__Data for analysis__:
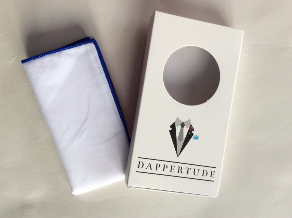 This simple cotton pocket square picks up the navy blue and white of the neck tie to create a complete image. I’m impressed that even though the tie and square are different companies, they work together as though they are one.
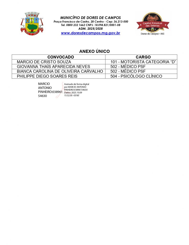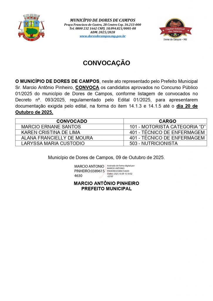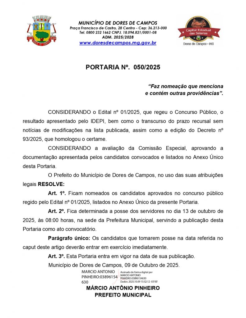 A Prefeitura Municipal de Dores de Campos publicou, nesta quinta-feira (09/10), a Portaria nº 050/2025, que nomeia novos candidatos aprovados no Concurso Público regido pelo Edital nº 01/2025. A medida foi assinada pelo prefeito Márcio Antônio Pinheiro e oficializa a posse de quatro novos servidores municipais.
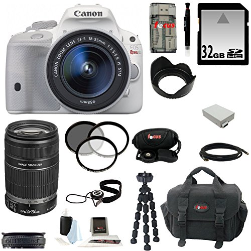 Bundle Includes: • Canon EOS Rebel SL1 with EF-S 18-55mm IS STM Lens (White)
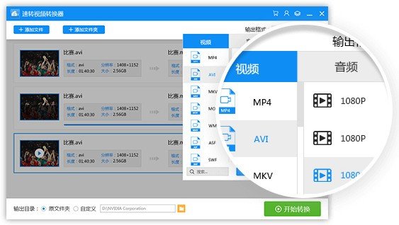 接着在【输出格式】中调整视频的转换格式和转换分辨率等转换参数,由于要把转换的视频保持原有清晰度,因此要注意把输出的分辨率调整为【同原文件】格式。
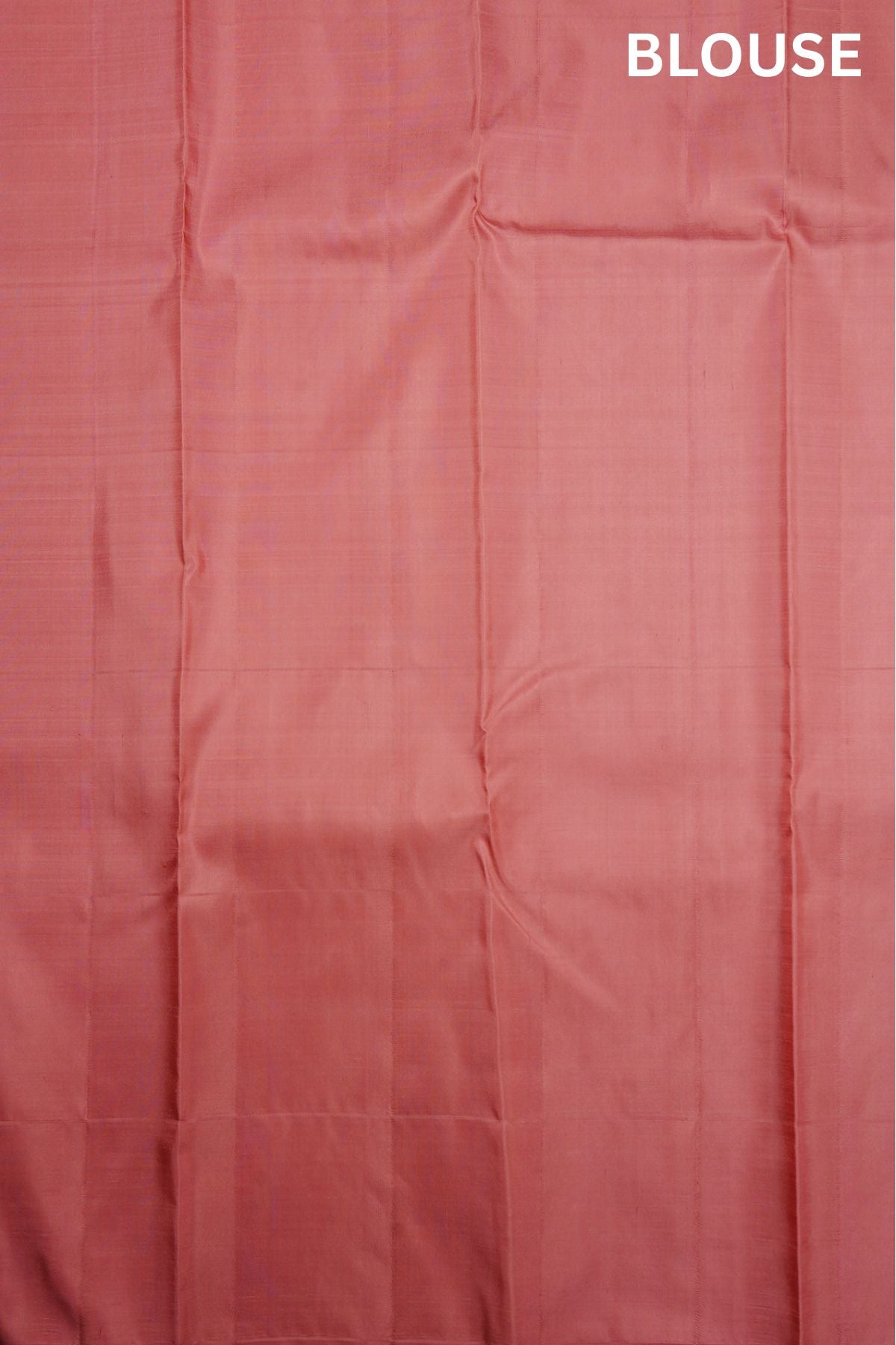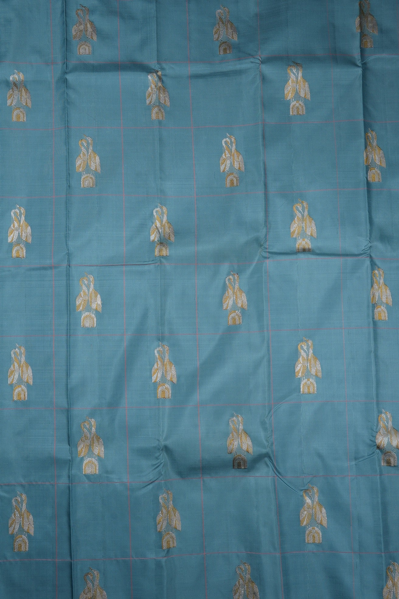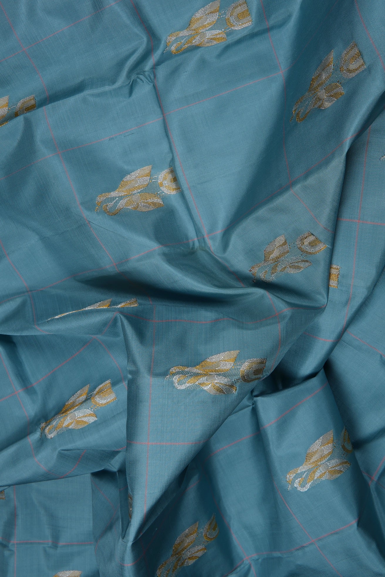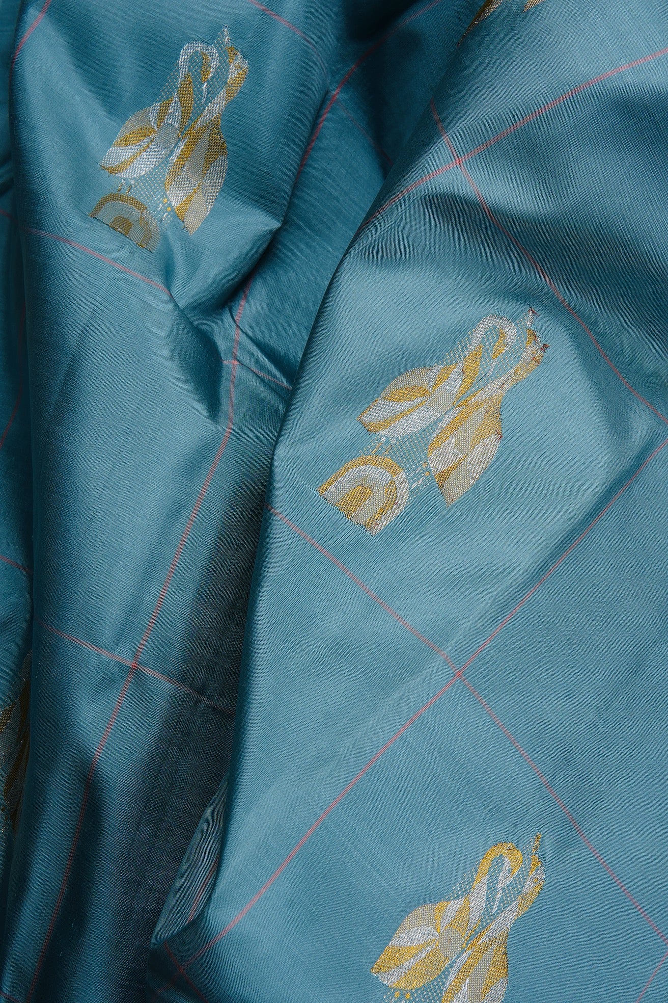 Previous NextCornflower blue Kanchipuram Silk Saree with broad checks woven in blush pink threads and motifs resembling two storks together woven in gold and silver zari. The pallu has a blush pink base with tangled and cruvey lined forming waves throughout woven in gold and silver zari followed by thin bands of stripes and continuous thilakam bhuttas woven in silver zari. The saree has a plain blush pink blouse.
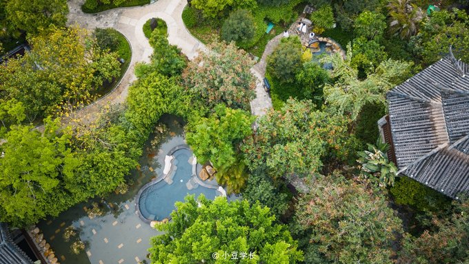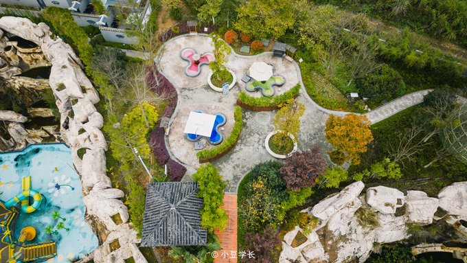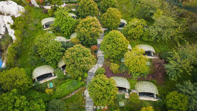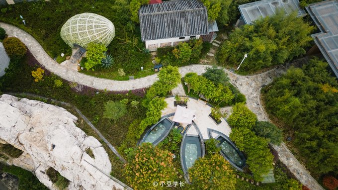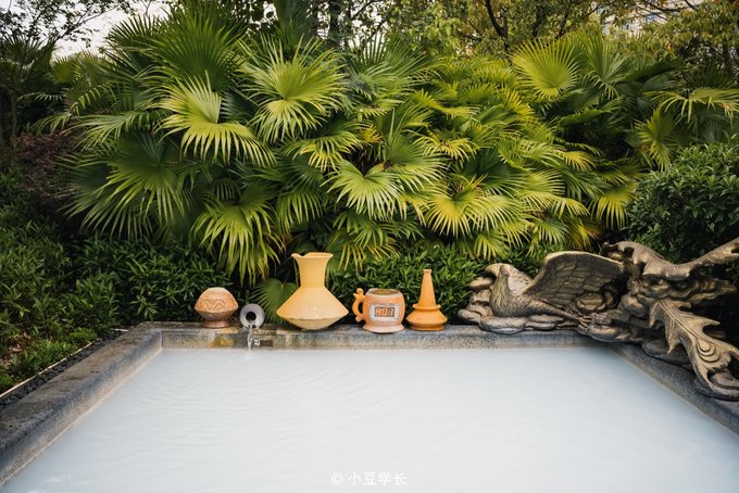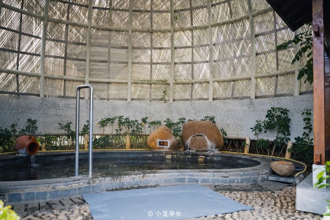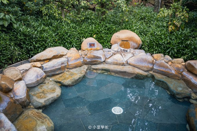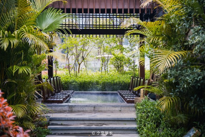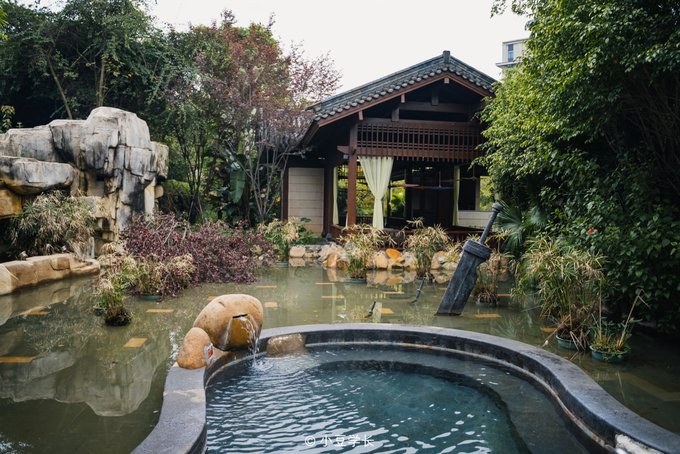初入户外温泉区,宛若走进一座如诗如画的古代庭院。草木相伴,山水相依,徐徐上升的蒸汽缭绕在身旁,好似步入“桃花源”。
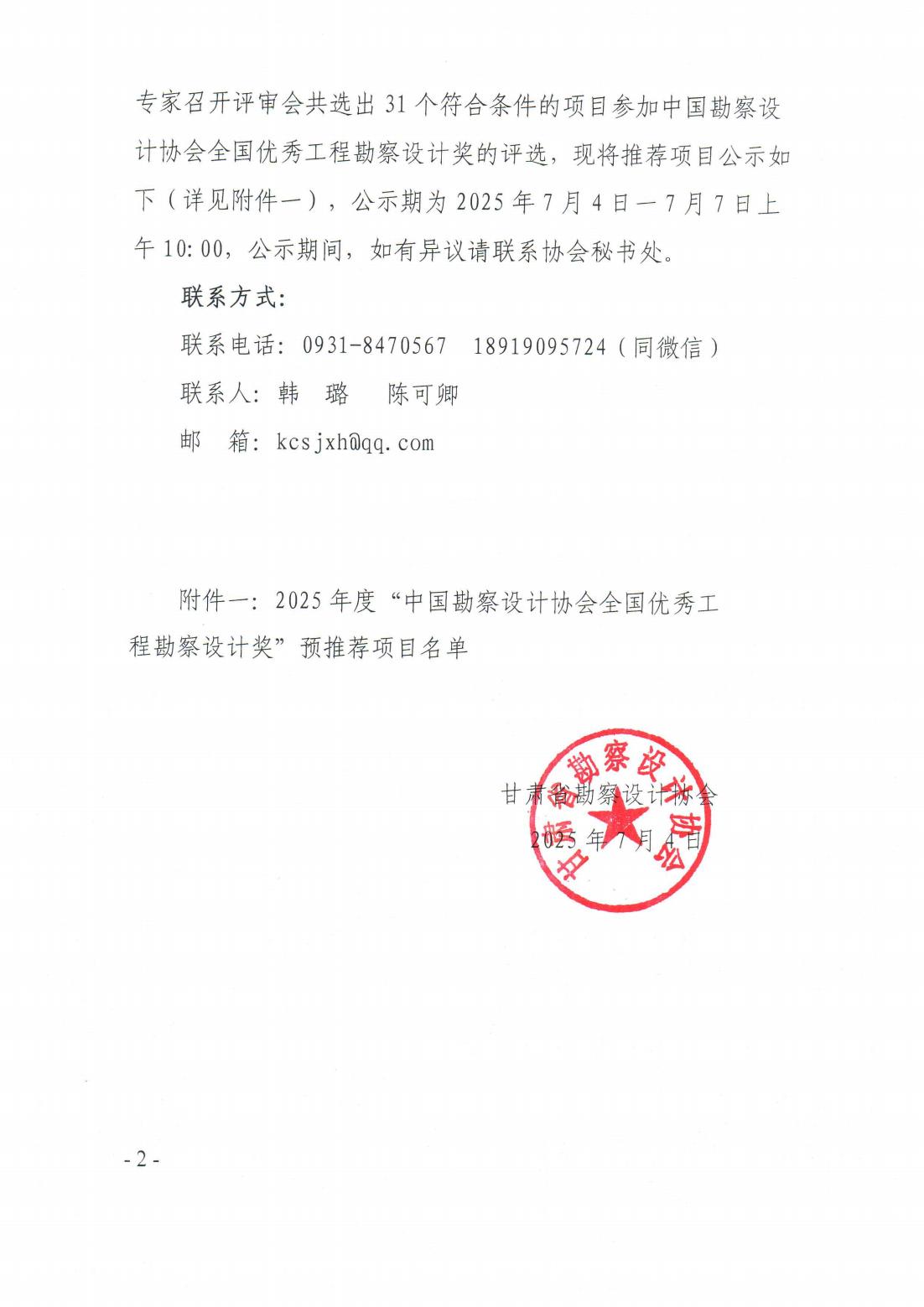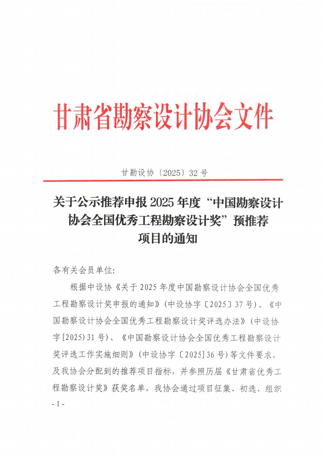 关于公示推荐申报 2025年度“中国勘察设计协会全国优秀工程勘察设计奖”预推荐项目的通知
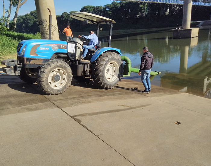 A bomba provisória terá sua força motriz disposta por um trator agrícola.
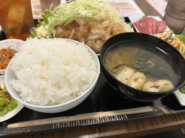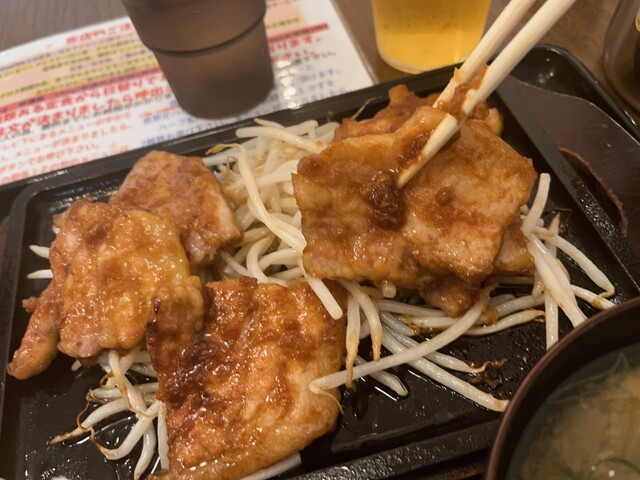 生姜焼きも厚切りの豚ロース肉で、1枚がご飯の上に乗り切らないサイズ。柔らかい。
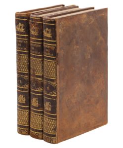 Paris, Poignée, an VIII-1800 ; 3 vol. in-8 (195 x 119 mm) et un atlas grand in-4 (275 x 207 mm), veau raciné, dos lisses ornés de treillis et de fers "au navire" dorés (Reliures de l'époque). 11 cartes repliées.

__Your assignment__: Please retype exactly the lines from the line containing "初入户外温泉区,宛若走进一座" through the final line of the records above, inclusive, leaving out any pictures.

__Exercise answer__:
初入户外温泉区,宛若走进一座如诗如画的古代庭院。草木相伴,山水相依,徐徐上升的蒸汽缭绕在身旁,好似步入“桃花源”。
 关于公示推荐申报 2025年度“中国勘察设计协会全国优秀工程勘察设计奖”预推荐项目的通知
 A bomba provisória terá sua força motriz disposta por um trator agrícola.
 生姜焼きも厚切りの豚ロース肉で、1枚がご飯の上に乗り切らないサイズ。柔らかい。
 Paris, Poignée, an VIII-1800 ; 3 vol. in-8 (195 x 119 mm) et un atlas grand in-4 (275 x 207 mm), veau raciné, dos lisses ornés de treillis et de fers "au navire" dorés (Reliures de l'époque). 11 cartes repliées.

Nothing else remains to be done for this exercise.